INPUT MATERIAL
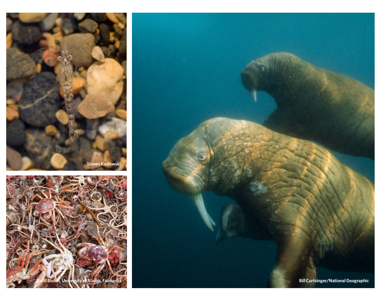
Top Left: Tiny organisms, such as this krill, provide the foundation of the Arctic food web. Bottom Left: Crabs and brittle stars are common members of the benthic community in the Arctic. Right: Pacific walruses, found in large numbers near Hanna Shoal, dive to the seafloor to feed.
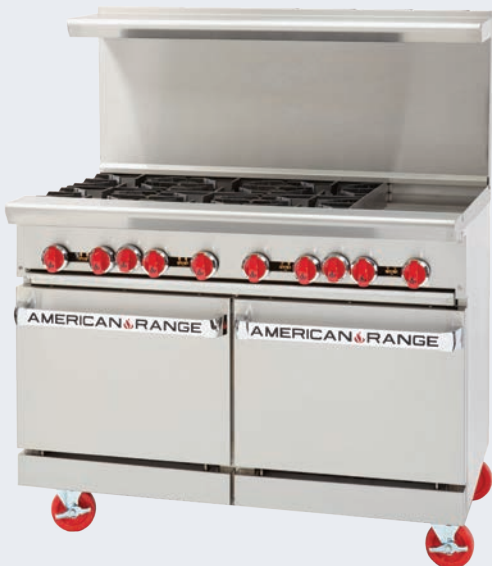
48" Range Space Saver Oven
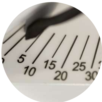
EASY HANDLING OF TILT WITH READABLE ADJUSTMENT

Easy to operate - intuitive handles and functions
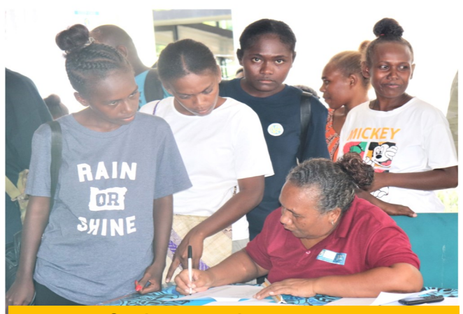
Students queuing up to vote
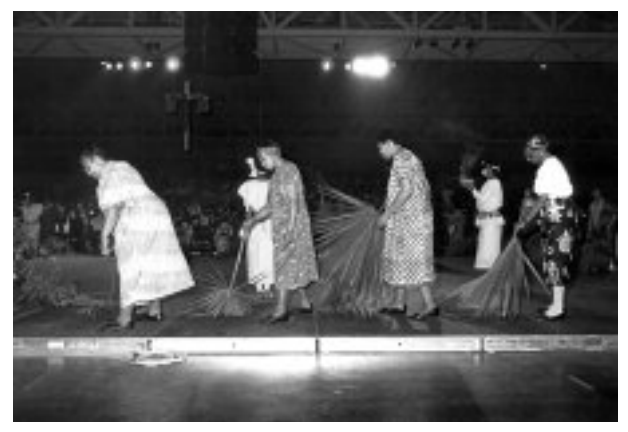
1992 Congress VII - New Orleans, LA
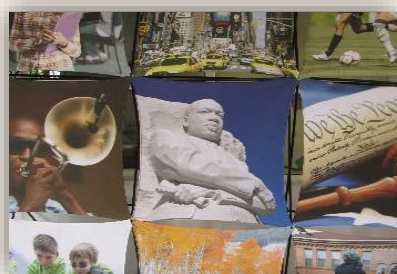
Presentations prepared for the occasion

The week of October 18 was a unique experience for all students and teachers of the LDM, since it marked the opening of the very first, long awaited, American Week by LDM. More than an academic oriented event for the students of the British section, it was above all a cultural and artistic experience and a time of sharing that bonded all the sections of the LDM.
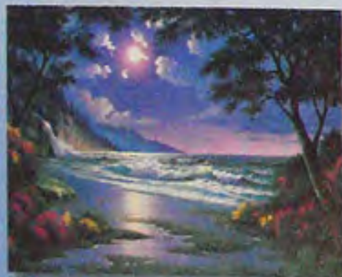
3000 ▶ 17009 8

TASK
When you reach the line containing "Presentations prepared for the occasion" in the listing above, reproduce it and every line after it through the last, exactly; omit the pictures.

OUTPUT
Presentations prepared for the occasion

The week of October 18 was a unique experience for all students and teachers of the LDM, since it marked the opening of the very first, long awaited, American Week by LDM. More than an academic oriented event for the students of the British section, it was above all a cultural and artistic experience and a time of sharing that bonded all the sections of the LDM.
3000 ▶ 17009 8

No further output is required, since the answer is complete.